Histoire de cerner un peu plus le creux, j’ai utilisé quelques enregistrements artisanaux (d’un ami flûtiste, d’un autre pianiste, et de ma propre guitare) – plus des fréquences de référence (pas agréable, mais difficile de faire autrement). Les timbres ne me paraissaient pas “justes”, mais je n’arrivais pas, faute de taper assez “large” et assez “fort” à rectifier l’ensemble. Disons que le meilleur compromis que j’ai pu trouver a été d’ajouter +3db autour de 1500Hz et +4db autour de 2500Hz (j’avais d’abord essayé +2 de 1200Hz à 2800Hz, plus +3 à 2Khz sans que ça fonctionne) – en baissant le général de 4db évidemment. Il faudrait peut-être même ajouter plus, mais je ne suis pas certain que ça ne fasse pas trop (sur le plan de ce que des drivers peuvent supporter: et comme ça n’est pas mon casque). Petite précision, car je passe sur les détails: j’ai quand même mis deux fois 4 plombes, une après-midi et une matinée à tâtonner à la recherche de ce compromis (le temps de chercher, de me tromper, d’effacer le fichier par erreur, de recommencer, etc.), mais on doit pouvoir faire mieux. Reste que, cela étant fait, ça change à nouveau la donne.

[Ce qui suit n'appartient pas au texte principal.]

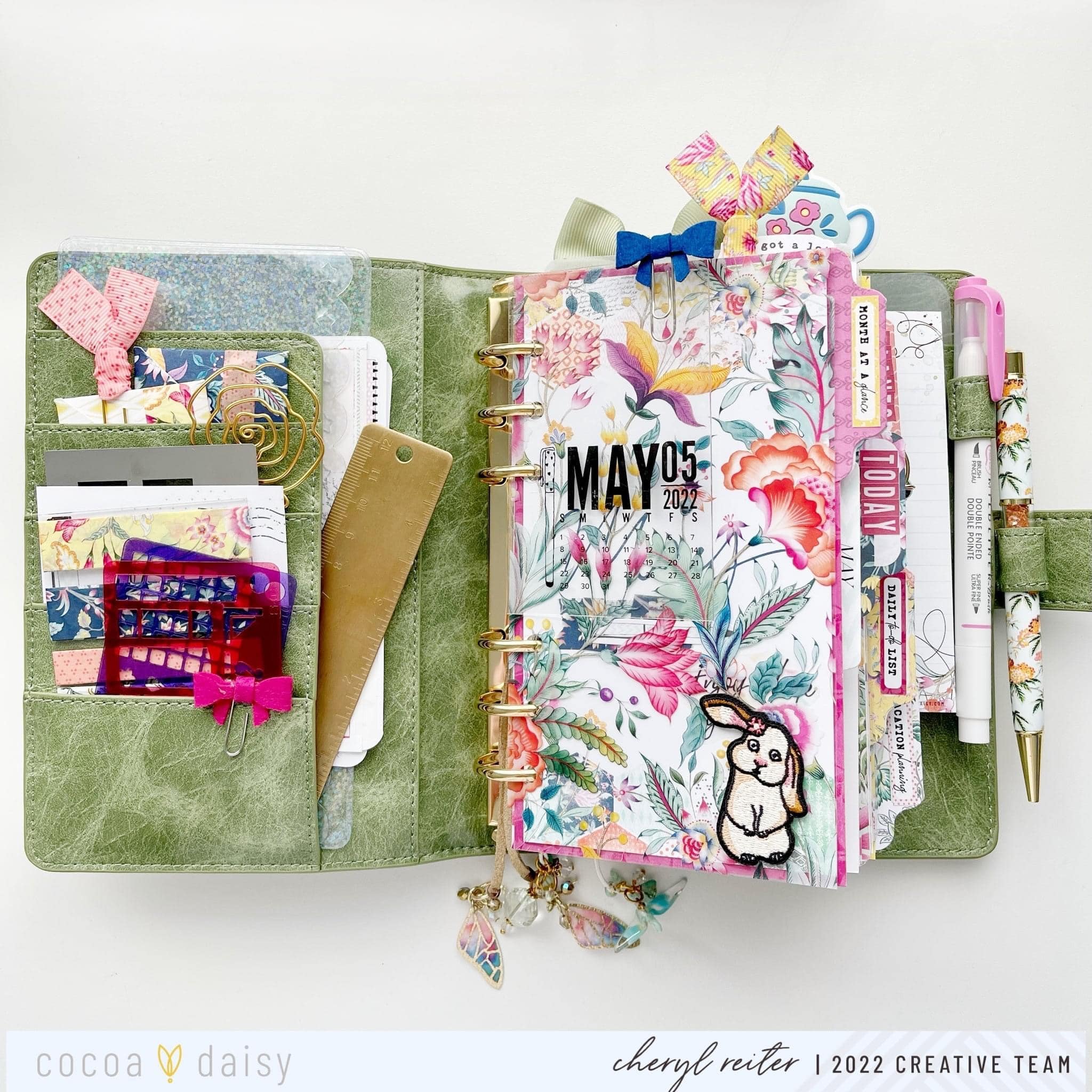 First I trimmed the stunning floral acetate from the Afternoon Tea Classified: Planner Kit to page size and added the adorable embroidered bunny from last month to the bottom right-hand corner. I then placed it at the beginning of my planner just before the “May” dashboard. I used the Afternoon Tea Planner Dashboard kit in the Personal Planner size by cutting the dashboard down by 1/4 inch on all sides and adhering to a pretty piece of cardstock. I finished them up with a few embellishments!

J’ai bien entendu le résultat en écoutant l’album Henricus Isaac (du même Savall, que j’ai acheté en même temps que le précédent il y a peu), ainsi que, dans un tout autre genre, le disque de Stochelo Rosenberg et Romane, Gypsy Guitar Masters (un album qui comprend un CD et un DVD), sorti en 2006. Dans le premier cas, on récupère beaucoup de présence et une aération nécessaire dans le haut médium, et dans le second, le piquant cristallin de deux guitares manouches à la fois très incisives et pas acides pour un sou. Agno dirait sans doute que l’ajout d’une équalisation, c’est “de la triche”. À quoi je répondrai que oui, mais que “tous les coups sont permis”! En tout cas, ce petit exercice me démontre que d’une part la modification d’un casque peut réellement changer la donne: un casque, ça n’est pas des drivers, c’est un équilibre dans lequel interviennent des drivers, des coussinets et des oreillettes, et c’est sur ces deux derniers paramètres que l’on peut énormément changer la donne “initiale” (qui n’est en fait que le compromis proposé par le fabriquant: rien de moins, mais rien de plus). Ajoutons-y un petit trucage logiciel, à la fois facile à implanter quand on utilise la dématérialisation et pas très cher (75€ de logiciel, ça n’est pas une somme si élevée), et on grimpe encore dans l’échelle de l’écoute de qualité. Tu me diras qu’il faut la patience d’Agno pour diyer un casque à ce point. Certes. Et je me demande ce qu’il attend pour ouvrir une échoppe!